The plaintiff claims serious inattention to her medical needs. Two of the three prongs of the claim are addressed exclusively to personnel of the medical staff, none of whom is joined as a defendant in this action. The other branch, however, is an assertion of over-reaction to her wrapping the cord around her neck. She claims that it should have been recognized that this was only an attempt to call attention to the fact that she had been threatened with the destruction of her possessions by other inmates. The reaction was the immediate direction of the prison physician, but Superintendent Downes testified that it was her policy to treat all apparent suicides as real. Thus, she would have been responsible for what was done if it amounted to a constitutional deprivation.
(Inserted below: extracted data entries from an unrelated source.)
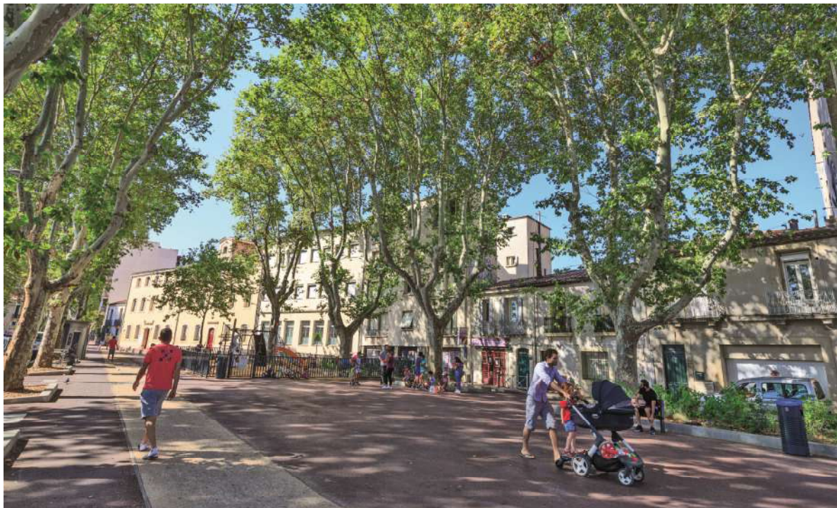
La place Salengro libérée des voitures

À Montpellier, assurer la santé, le confort et le bien-être des habitants constitue un engagement majeur de la collectivité, avec des enjeux propres au climat méditerranéen. Au cœur de la transition écologique, ces enjeux sont appréhendés sous des angles différents mais complémentaires.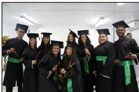
Solenidade de formatura (julho/2018)

Um total de 119 certificados de conclusão/diplomas foi emitido pelo Campus Ipojuca em 2018, tanto dos cursos técnicos quanto da graduação. Duas solenidades de formatura, no primeiro e segundo semestres, encerraram o ciclo das turmas após a conclusão dos créditos acadêmicos.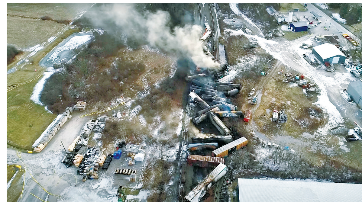
这张美国国家运输安全委员会发布的无人机视频截图显示的是有毒化学品运载列车脱轨事故现场。(新华社发)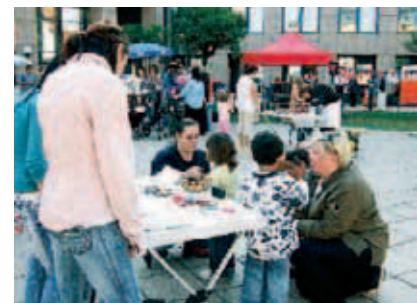
► Viele Kinder mit ihren Eltern kamen zu den Aktionstagen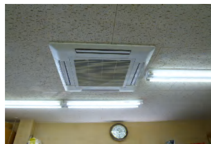
インバータ式空調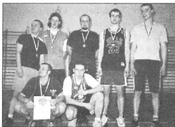
Puszczykowska Liga Piłki Koszykowej - I miejsce

Jak przystało na miano ligi mecze odbywały się pod kontrolą zawodowych sędziów. Sporządzano protokoły spotkań, prowadzono statystyki, a również nagrodzono najlepszych graczy, zdawano relacje na łamach „ECHA PUSZCZYKOWA”. Zwycięzcą ligi został zespół BEZ NAZWY. Ta grupa młodych ludzi jest już znana w Puszczykowie ze swoich sukcesów. To ona wygrała dwukrotnie rozgrywki podczas „Dni Puszczykowa”.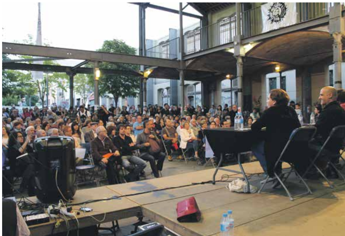
Ada Colau (asseguda a la taula), portaveu de Guanyem Barcelona, va participar a la presentació de Guanyem Terrassa.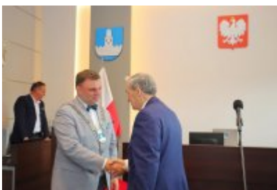
Pierwsza sesja Rady Miejskiej w Czeladzi w kadencji 2024-2029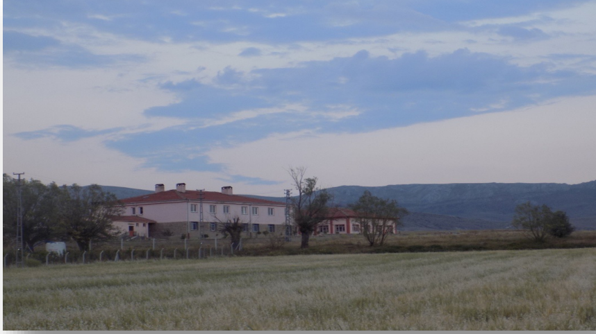
Fotoğraf 12: Panlı İlkokulu ve Ortaokulu-16.07.2017

Pınarbaşı civarı ve Uzunyayla köylerinde ikamet eden çocuklar mesafelere göre Pınarbaşı'ndaki okullara, Karakuyu İlkokul ve Ortaokuluna, Kaynar İlkokulu ve Ortaokuluna gitmektedirler.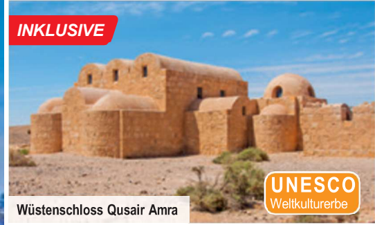
Wüsten Schloss Qusair Amra

Um Ihren Aufenthalt noch angenehmer zu gestalten, haben wir erholsame Badeaufenthalte am Toten & Roten Meer inkludiert. Lassen Sie es sich gut gehen!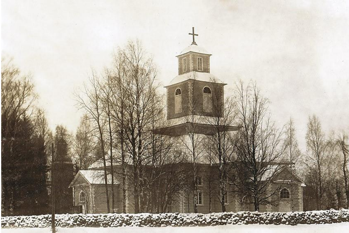
Raudun viimeistä edellinen kirkko Varikselan kylässä 1823-1918. Kellotapuli näkyy oksiston takana kirkon vasemmalla puolella hieman taaempana.

ehditty hankkia kellot, lahjoitettiin tämä kello Suomen Lähetysseuralle, joka lahjoitti sen edelleen Ambomaaalle. Ambomaa on nykyisen Namibian maakunta pohjoisen naapurivaltion Angolan rajalla.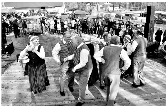
Par jautru noskaņojumu gādāja pašdarbības kolektīvi, arī senioru deju kopa «Ozols».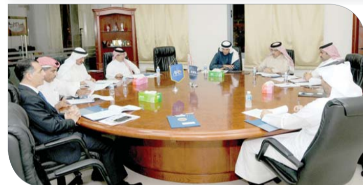
جانب من اجتماع سابق لمجلس إدارة اتحاد الكرة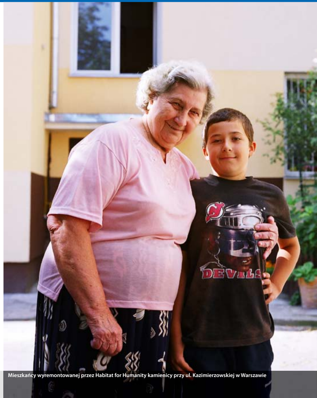
Mieszkańcy wyremontowanej przez Habitat for Humanity kamienicy przy ul. Kazimierzowskiej w Warszawie

swoich stronach internetowych członkowie wspólnoty (bo tym jest Fundacja) napisali: „Wierzmy, że bezpieczne i dostępne finansowo mieszkanie jest jednym z zasadniczych praw człowieka, a także podstawowym składnikiem godności i trwałej pomyślności każdego mieszkańca naszego globu. Z tym przekonaniem budujemy odpowiednie i trwałe mieszkania dla osób potrzebujących”. Habitat wyrosła z chrześcijańskiej – ściślej luterańskiej – tradycji i dlatego tak organizuje pomoc dla potrzebujących, że wokół budowli tworzy wspólnoty ludzi i instytucji, które przekazują pieniądze, dary, ale przede wszystkim poświęcają swój czas. Na stronie www.Habitat przekonuje: „Wierzmy, że [...] wszyscy mogą się jednoczyć, służąc osobom potrzebującym; oraz że każdy może wnieść swój wkład w dzieło budowy domów i nadziei”.

We agree with the district court that prison officials have a duty to protect prisoners from self-destruction or self-injury. Prudence requires that any apparent attempt on the part of a prisoner to kill or injure himself be treated as real at least until it can be firmly established that it was something else. The instance strongly suggests that the plaintiff was at least in an agitated state. That her mental or emotional condition was abnormal was strongly suggested by the burning of the dress and dancing about the flames clapping her hands. The treatment was isolation in the clinic where she could be observed, and where she was free from further threats from fellow prisoners, and the administration of sedatives. This was an entirely appropriate response to what had been observed and is far afield from a denial of a constitutional right that prison officials not be indifferent to her serious medical needs.
VI.
The district court properly entered a judgment for the plaintiff on the one claim arising out of the removal of her underclothes and for the defendants on the other three claims.

AFFIRMED.

. The superintendent on appeal does not contend that her liability should not be congruent with that of the two male guards. She had approved the use of male guards in situations calling for the employment of force in handling female prisoners. The presence of the guards forceably to remove the plaintiff’s underclothing was authorized by her. She associated herself with the defense of the guards that their presence was necessary and appropriate.